FROM ROLLING STONE: UPDATE: Contrary to initial reports, Rolling Stone has confirmed that neither Johnny Depp nor his production company are involved in the production.
FROM PAGE SIX:
Johnny Depp producing musical about Michael Jackson
By Ian Mohr
In an unusual “sequins” of events, Johnny Depp is producing an unauthorized musical about Michael Jackson told from the perspective of the King of Pop’s iconic glove.
The wild show — “For the Love of a Glove: An Unauthorized Musical Fable About the Life of Michael Jackson, as told by his Glove” by Julien Nitzberg — debuts Jan. 25 in LA. It’s described as a “look into the strange forces that shaped Michael and the scandals that bedeviled his reputation” as narrated by a talking, singing glove.

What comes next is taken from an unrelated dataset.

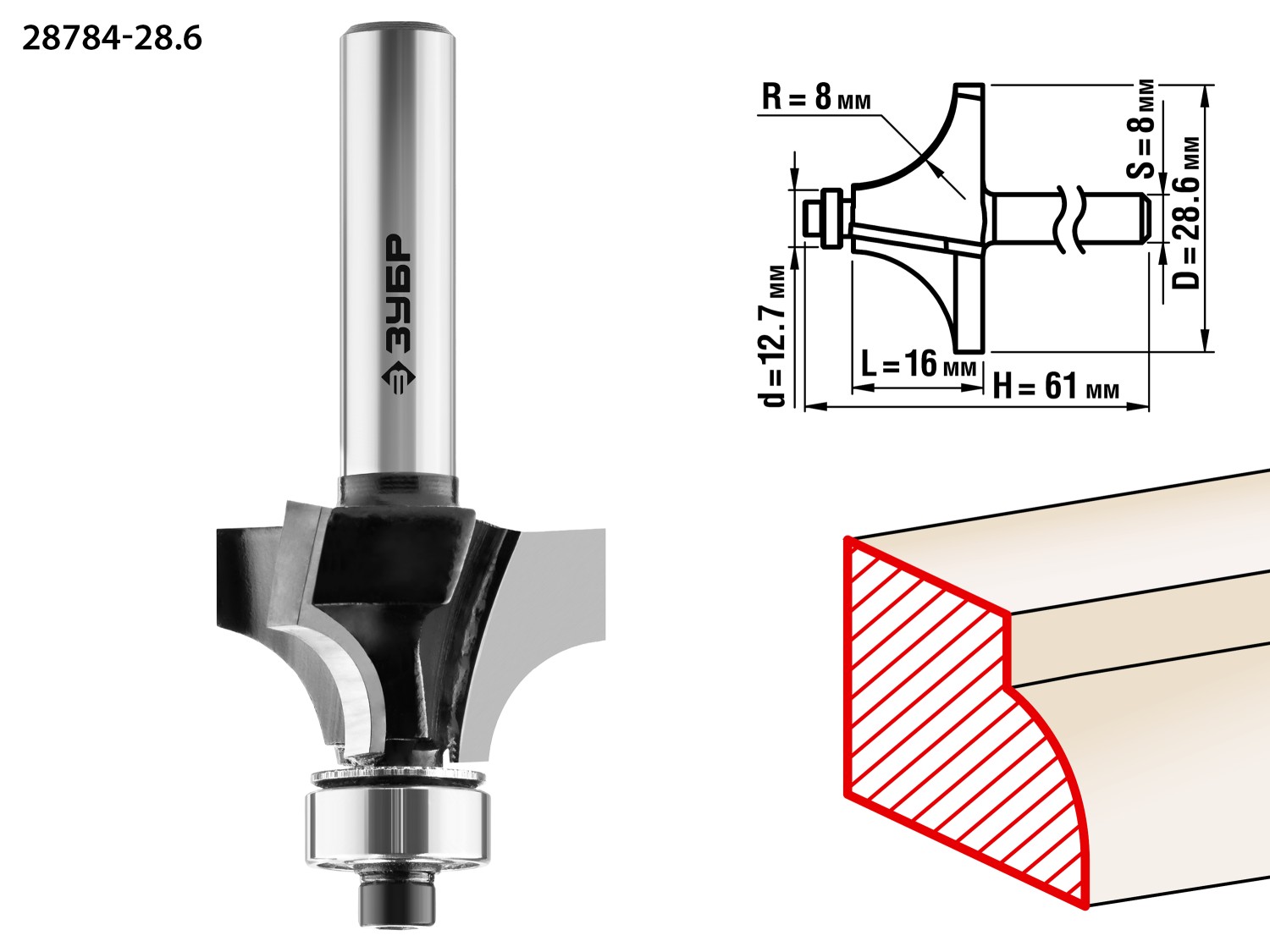 28,6x16мм, радиус 8мм, фреза кромочная калевочная №1 ЗУБР

Actors star with life-size puppets of the Jackson 5, Donny Osmond, Emmanuel Lewis, Corey Feldman and Bubbles the Chimp. Nitzberg first came up with the concept 17 years ago.

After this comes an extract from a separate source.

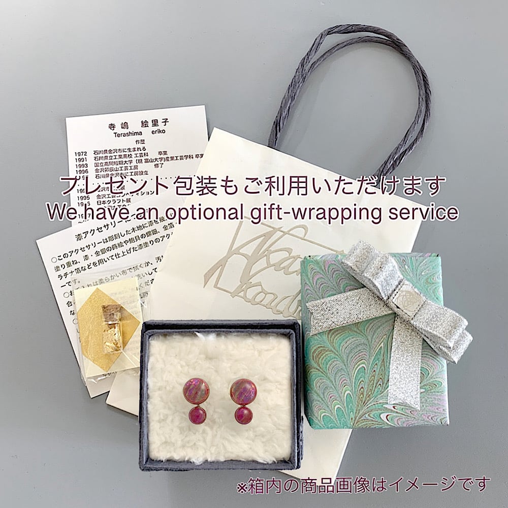 2024.10.18紅里工房では、漆や螺鈿ジュエリーのプレゼント包装も承っております。 大切な方へ贈り物や、ご自分へのご褒美には、既製品のようにどこでも手に入るものではなく、世界にひとつだけの漆アクセサリーや螺鈿ジュエリーがふさわしいでしょう。 どのジュエリーも、ほかには無い美しい色あいやユニークな形が特徴なので、人目を惹くのは明らか。 趣味の良さやハイセンスをかんじさせる一品ぞろいです。

“I’m known for writing a lot of biopics,” he said. “A major TV network wanted me to write a [Jackson] movie … but the question came up [about] how to deal with the child-abuse allegations.” When the network and Nitzberg disagreed, “I said, how’s this? Everything MJ has been accused of has actually been caused by his glove, which is actually an alien from outer space [and] feeds on virgin boy blood. They laughed and said, can you do the normal version?” But, “It was morally kind of repugnant to me to do … I turned down a really big paycheck.” He thought, “I’m going to go back to this … and do this as a musical.” But, “we just couldn’t get the financing.”
Depp’s company Infinitum Nihil, headed by CEO Sam Sarkar, got involved after Nitzberg worked on developing a biopic on 1960s one-hit wonder Tiny Tim to star John Turturro.
“It ended up never getting made, but I developed a very good relationship with them,” Nitzberg recalled. When he pitched other ideas, an exec asked, “What else are you working on?” The writer said of his Jacko satire, “I’m doing this theater piece you probably aren’t interested in.” It’s just the latest Jacko project in the wake of HBO’s “Leaving Neverland” documentary. A sanctioned musical, “MJ,” heads to Broadway next year.